Provided entries —
↓↓↓

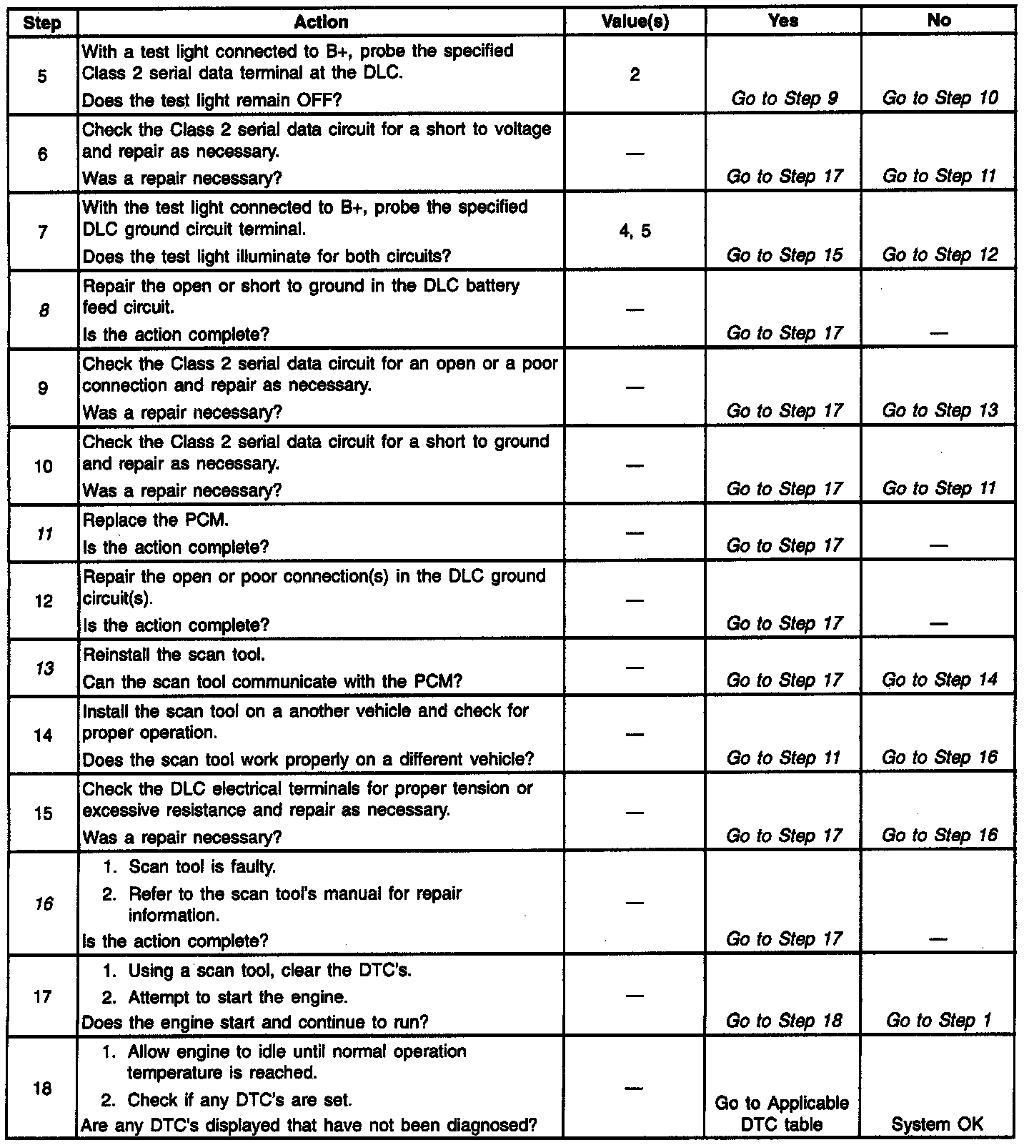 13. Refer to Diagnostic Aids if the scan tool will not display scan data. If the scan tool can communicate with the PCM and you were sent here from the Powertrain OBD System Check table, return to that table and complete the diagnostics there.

↑↑↑
↓↓↓

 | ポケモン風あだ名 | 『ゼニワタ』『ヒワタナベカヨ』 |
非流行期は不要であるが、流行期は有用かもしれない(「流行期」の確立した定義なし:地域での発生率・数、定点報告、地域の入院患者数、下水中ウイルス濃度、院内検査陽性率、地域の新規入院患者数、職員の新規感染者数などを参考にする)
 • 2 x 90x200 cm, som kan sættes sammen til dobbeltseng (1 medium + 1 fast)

↑↑↑

Work task — Starting at the line above that contains "ポケモン風あだ名 | 『ゼニワタ』『ヒワタナベカヨ』 |", write out each line exactly until the line that contains "medium + 1 fast)" has been written, and stop there.

Worked solution —
 | ポケモン風あだ名 | 『ゼニワタ』『ヒワタナベカヨ』 |
非流行期は不要であるが、流行期は有用かもしれない(「流行期」の確立した定義なし:地域での発生率・数、定点報告、地域の入院患者数、下水中ウイルス濃度、院内検査陽性率、地域の新規入院患者数、職員の新規感染者数などを参考にする)
 • 2 x 90x200 cm, som kan sættes sammen til dobbeltseng (1 medium + 1 fast)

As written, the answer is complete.